September 3, 1939: World War II begins as England and France join against Germany.
May 1940: Chamberlain is fired as Prime Minister and replaced by Winston Churchill.
September 13, 1940: Buckingham Palace is bombed in daylight by the German Air Force. Two bombs land within 30 feet of George VI who survives.
May 8, 1945: World War II comes to an end in VE Day.
July 1945: Clement Atlee replaces Churchill as Prime Minister. His Labour party will pass several acts in the next five years. He will make the Bank of England as well as most facets of industry, transportation, energy production, health care, and other welfare problems part of public ownership. England will now be a welfare state.
1947: George VI visits South Africa. India is granted her independence.
September 1951: George VI has his left lung removed due to lung cancer.
February 6, 1952: George VI dies of lung cancer. His successor is his daughter Elizabeth II. Elizabeth is touring the Commonwealth with her husband at the time.
June 2, 1953: Elizabeth II is officially crowned Queen in a coronation that is televised for the first time.
1957: Harold Macmillan is made Prime Minister by Elizabeth.
1962: Buckingham Palace is opened for guided tours to the public. Jamaica is granted independence.
1965: Parliament takes away the rights of royalty to choose Prime Ministers.
1969: The royal family is televised for a series for the first time.
1970: Elizabeth visits Australia and New Zealand becoming the first ruling monarch to do so.
May 28, 1972: The Duke of Windsor (Edward VIII) dies of lung cancer. His wife and him never had any children to block his brother's family from the throne as was feared.
1972: The Queen visits communist Yugoslavia.
1975: Queen Elizabeth II becomes the first monarch to visit Japan.
May 1977: Queen Elizabeth II celebrates her silver jubilee. She tours all of Great Britain and the Commonwealth in celebration.
1979: Elizabeth's cousin is assassinated by the IRA. Margaret Thatcher becomes Prime Minister the first women to do so. Elizabeth becomes the first monarch to visit the Middle East.
1980: Elizabeth becomes the first monarch to visit the Pope in the Vatican.
1981: The Prince of Wales, Prince Charles, weds Princess Diana.
1982: Great Britain sends troops to recover the Falklands. Pope John Paul II becomes the first pope in 450 years to visit Great Britain.
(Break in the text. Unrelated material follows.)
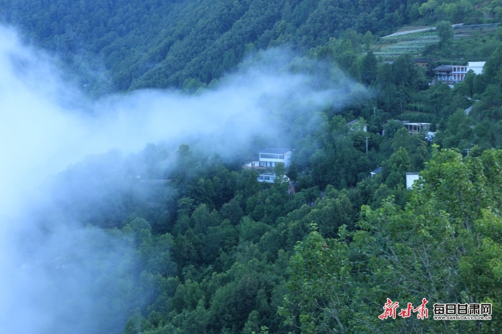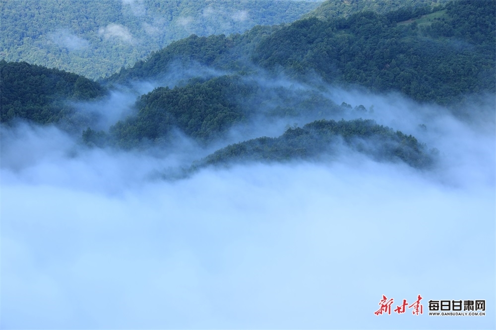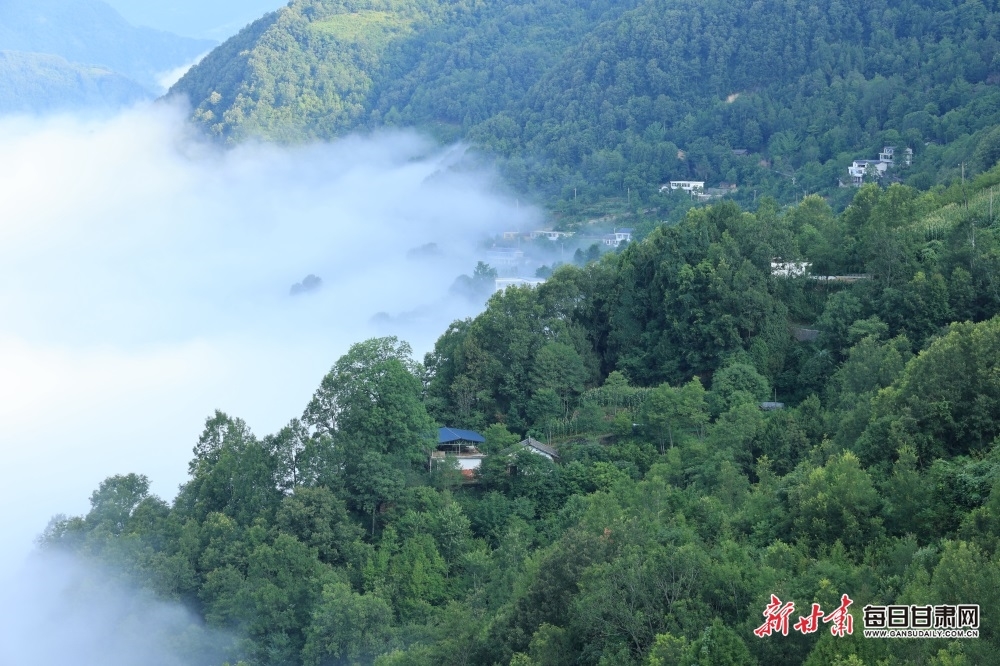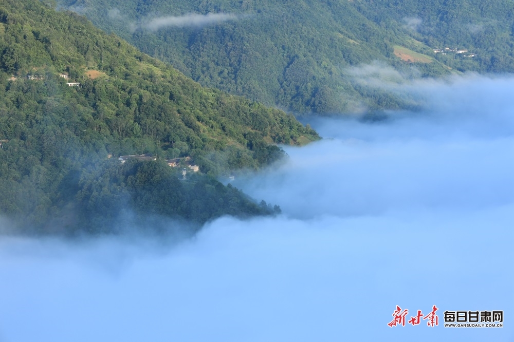 夏日,雨后初晴的陇南市康县铜钱镇低垭子现云海景观。放眼望去,茫茫云海在山峰间奔涌,群峰、乡村在云海中若隐若现,美如仙境。

1988: The royal family visits Australia becoming the first time everyone in the royal family visited a country at the same time.
1991: England sends troops to Kuwait.
1993: The Queen visits Hungary, which is the first time ever.
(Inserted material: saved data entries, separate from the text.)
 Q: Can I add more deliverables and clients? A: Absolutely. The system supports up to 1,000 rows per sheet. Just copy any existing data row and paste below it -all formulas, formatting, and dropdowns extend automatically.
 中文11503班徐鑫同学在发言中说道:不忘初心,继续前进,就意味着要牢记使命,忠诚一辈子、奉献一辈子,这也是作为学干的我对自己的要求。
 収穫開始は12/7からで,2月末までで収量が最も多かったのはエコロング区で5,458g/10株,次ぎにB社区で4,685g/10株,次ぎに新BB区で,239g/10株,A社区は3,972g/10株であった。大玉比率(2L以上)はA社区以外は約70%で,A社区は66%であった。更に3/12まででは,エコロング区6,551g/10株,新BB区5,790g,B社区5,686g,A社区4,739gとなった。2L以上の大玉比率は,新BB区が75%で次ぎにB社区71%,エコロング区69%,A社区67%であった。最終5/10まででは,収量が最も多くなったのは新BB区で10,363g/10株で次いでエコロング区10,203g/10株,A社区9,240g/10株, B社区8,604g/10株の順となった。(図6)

1994: The Queen visits Russia in the first visit since before the Russian Revolution.
1996: The Queen visits Poland and the Czech Republic for the first time ever.
1997: Princes Diana dies in a car accident. Tony Blair is elected Prime Minister.
1999: Wales and Scotland are granted their own Parliament for the first time ever.
2002: Queen Elizabeth celebrates her golden jubilee.